[The records]
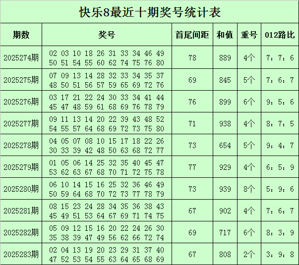 福彩快乐8第2025283期开奖回顾:02 04 13 19 20 23 29 31 37 40 47 52 53 54 55 63 64 65 68 69,其中奖号首尾间距为67,和值为808,012路比为3:9:8,包含7组同尾号码:20-40、02-52、13-23-53-63、04-54-64、55-65、37-47、19-29-69,开出2个重号:20、47。
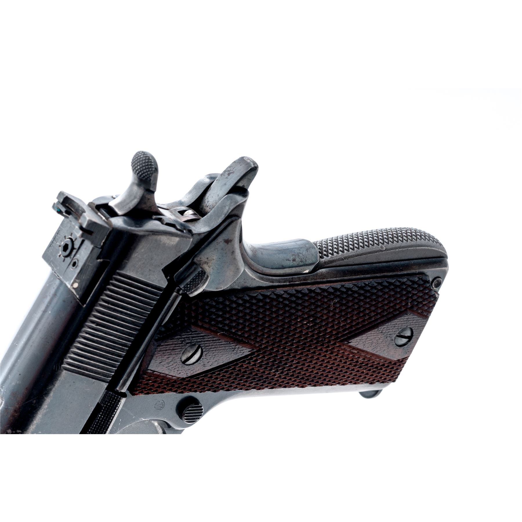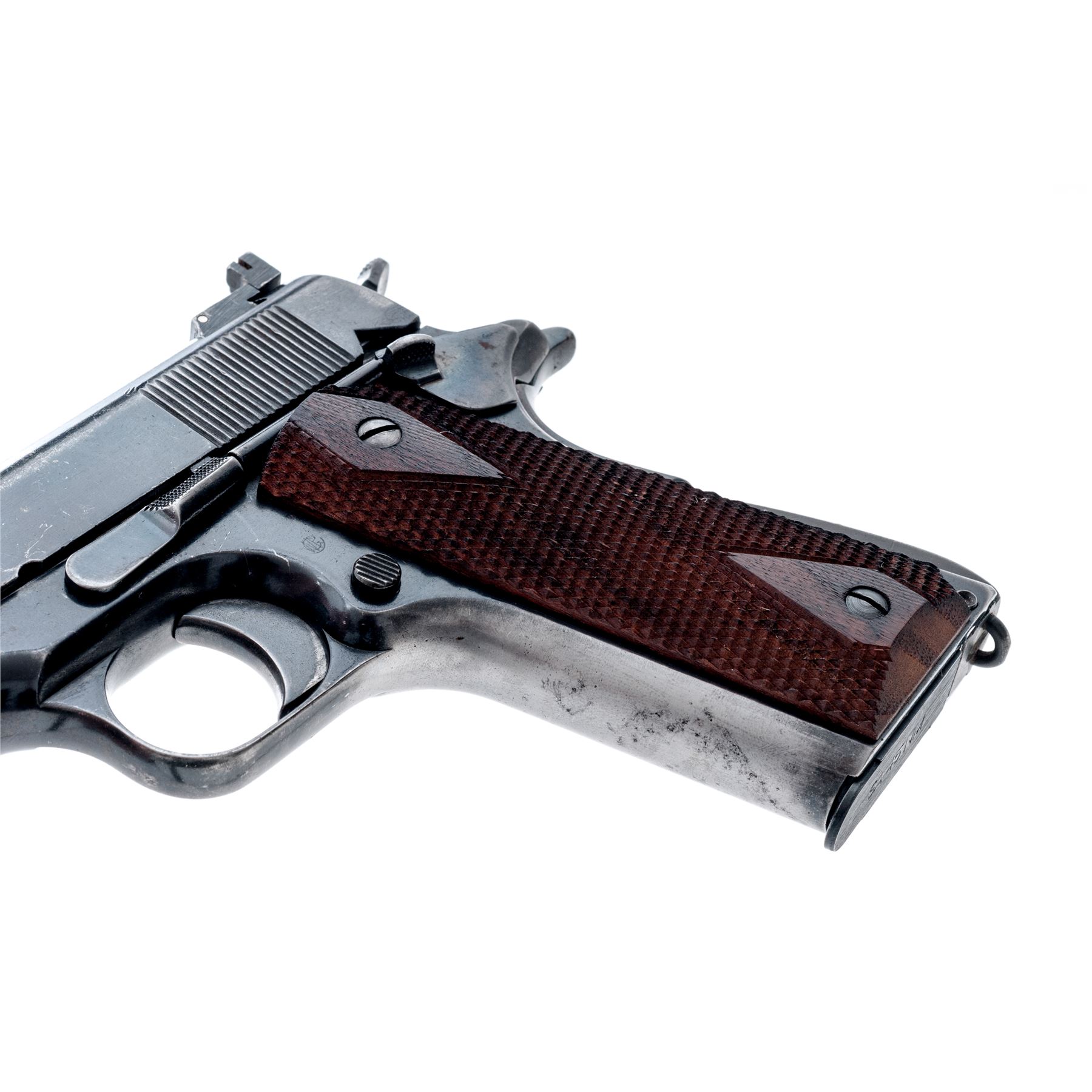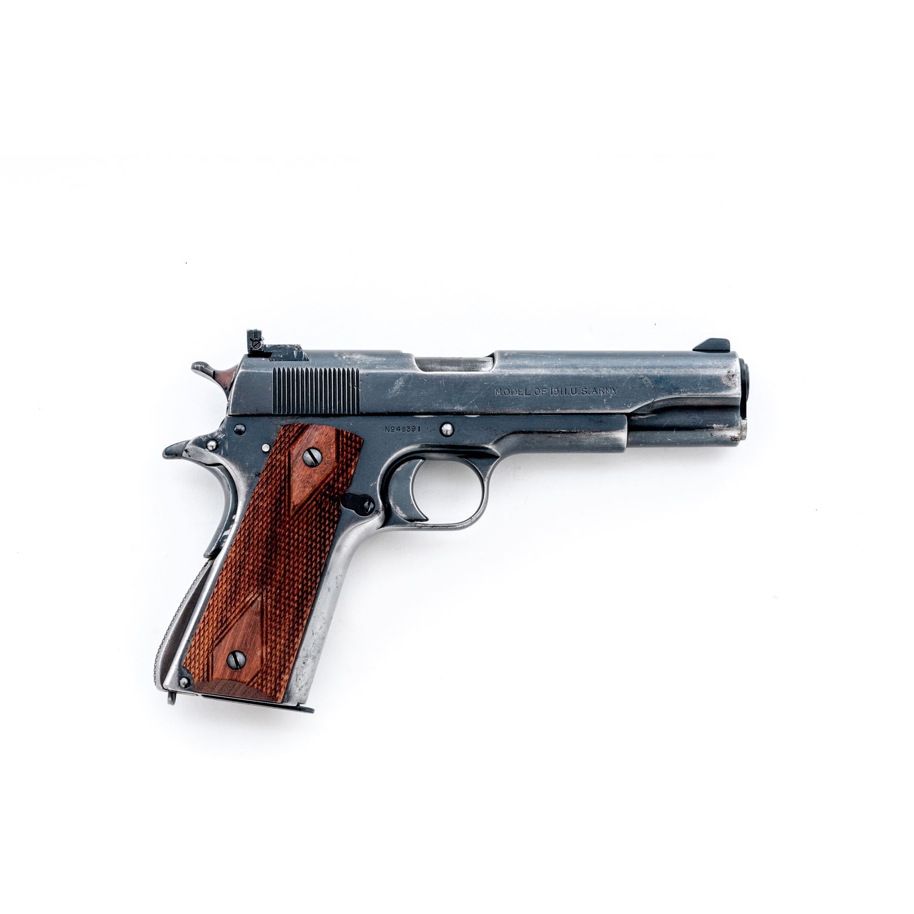 Colt Model 1911 Semi-Automatic Pistol, in 1943 Boyt holster, #48391, .45 ACP cal., 5'' barrel, blue finish, WWI era Savage contract slide, later added Micro target sights, Match barrel, aftermarket checkered walnut grips, with modern Springfield magazine. Condition is very good as modified and refinished, retaining approx. 85% blue. Grips and action are crisp, bore is fine. Holster is very good having been darkened after WWII. Est.: $500-750. (C&R/PPT)
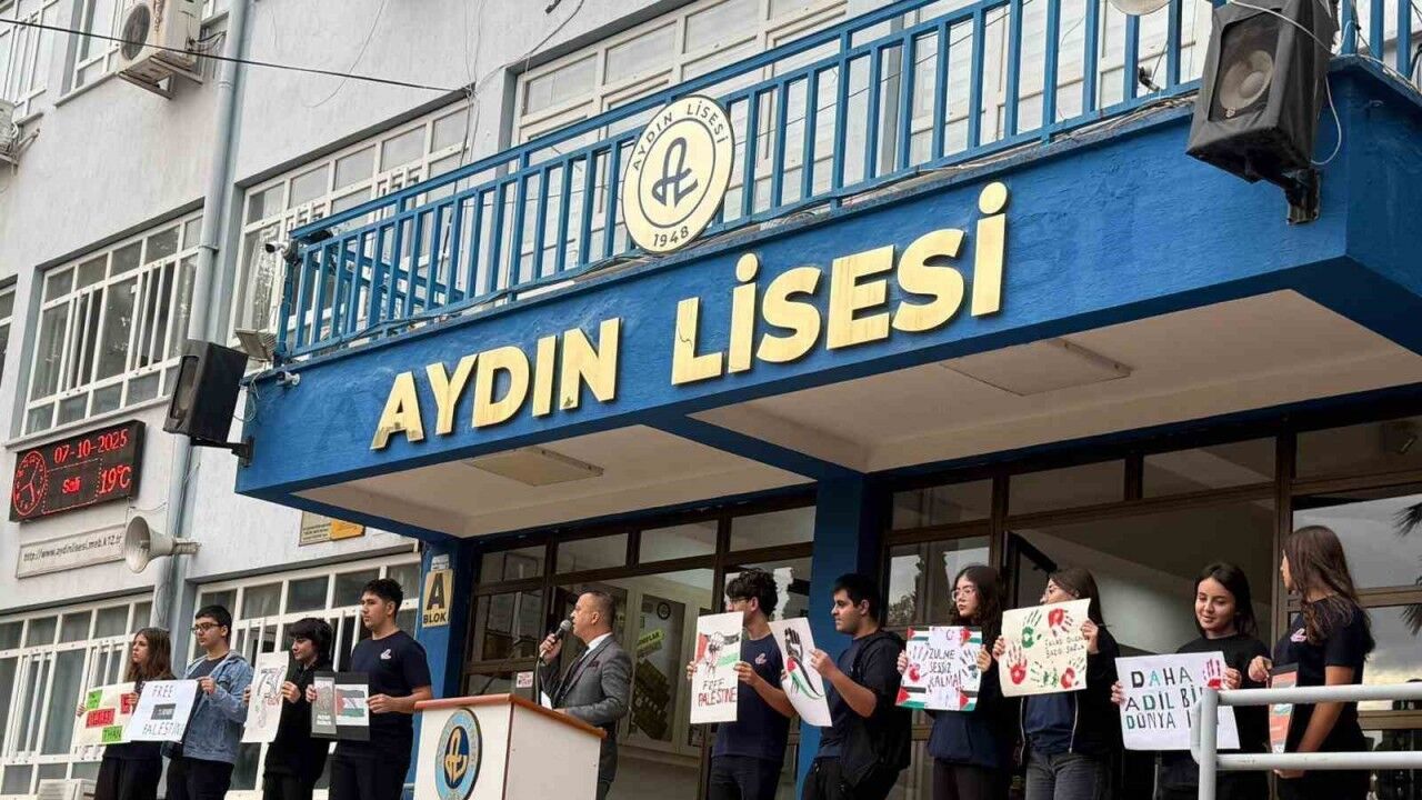 Aydın Lisesi öğrencileri İsrail’in Filistin’deki saldırılarına dikkat çekmek amacıyla okul bahçesinde protesto düzenledi. Ellerinde pankartlar bulunan gençler, Gazze’de yaşanan insanlık dramına karşı sessiz kalmamayı tercih etti.
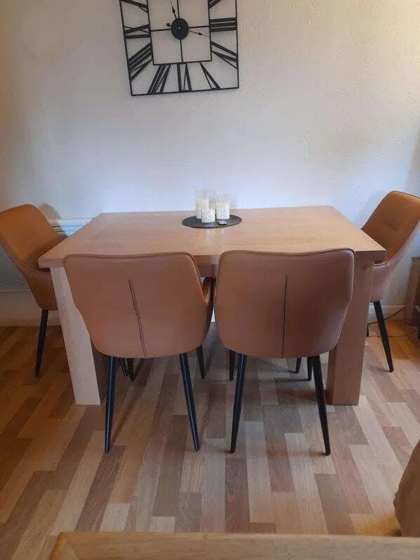 With its stain-resistant and waterproof faux leather, the Maxine dining chair is easy to clean. Wipe the surface with a damp cloth, avoid the use of chemicals and household cleaners as they may damage the finish.
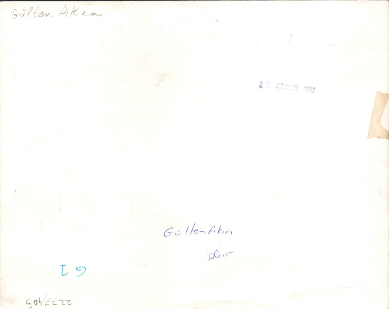 Gülten Akın, arka yüzü "20 Aralık 1992" kaşeli, 25x20 cm
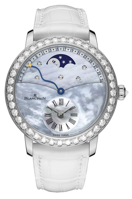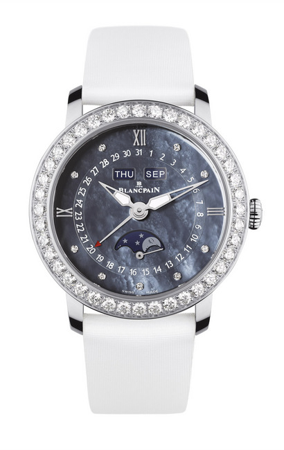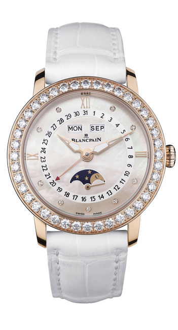 BLANCPAIN宝铂女装全歷月相限量手表,在珍珠母贝打造的面盘上,那张面带笑意睡去的「月脸」,叫人感怀。镶嵌在表圈及面盘上、总重近2克拉的58颗钻石所绽放的光芒,如同母性光辉一般耀眼。她深切的关怀,凝结在红色的日期指针上,不急不缓,从不错过地扫过每个日子。透过钢质表壳的蓝宝石水晶底盖,可以看到自动上鍊机芯Cal. 6763驱动着的全日历和月相显示、6点鐘位置的小秒针、以及12点鐘位置的星期和月份显示。此款强大的机芯提供100小时动力储存,同时配有雕刻3个心形装饰的摆陀——不停运转的能量,如母爱般持久永恆。
[/The records]
Each record above must be returned exactly as written, with its pictures omitted.

 福彩快乐8第2025283期开奖回顾:02 04 13 19 20 23 29 31 37 40 47 52 53 54 55 63 64 65 68 69,其中奖号首尾间距为67,和值为808,012路比为3:9:8,包含7组同尾号码:20-40、02-52、13-23-53-63、04-54-64、55-65、37-47、19-29-69,开出2个重号:20、47。
 Colt Model 1911 Semi-Automatic Pistol, in 1943 Boyt holster, #48391, .45 ACP cal., 5'' barrel, blue finish, WWI era Savage contract slide, later added Micro target sights, Match barrel, aftermarket checkered walnut grips, with modern Springfield magazine. Condition is very good as modified and refinished, retaining approx. 85% blue. Grips and action are crisp, bore is fine. Holster is very good having been darkened after WWII. Est.: $500-750. (C&R/PPT)
 Aydın Lisesi öğrencileri İsrail’in Filistin’deki saldırılarına dikkat çekmek amacıyla okul bahçesinde protesto düzenledi. Ellerinde pankartlar bulunan gençler, Gazze’de yaşanan insanlık dramına karşı sessiz kalmamayı tercih etti.
 With its stain-resistant and waterproof faux leather, the Maxine dining chair is easy to clean. Wipe the surface with a damp cloth, avoid the use of chemicals and household cleaners as they may damage the finish.
 Gülten Akın, arka yüzü "20 Aralık 1992" kaşeli, 25x20 cm
 BLANCPAIN宝铂女装全歷月相限量手表,在珍珠母贝打造的面盘上,那张面带笑意睡去的「月脸」,叫人感怀。镶嵌在表圈及面盘上、总重近2克拉的58颗钻石所绽放的光芒,如同母性光辉一般耀眼。她深切的关怀,凝结在红色的日期指针上,不急不缓,从不错过地扫过每个日子。透过钢质表壳的蓝宝石水晶底盖,可以看到自动上鍊机芯Cal. 6763驱动着的全日历和月相显示、6点鐘位置的小秒针、以及12点鐘位置的星期和月份显示。此款强大的机芯提供100小时动力储存,同时配有雕刻3个心形装饰的摆陀——不停运转的能量,如母爱般持久永恆。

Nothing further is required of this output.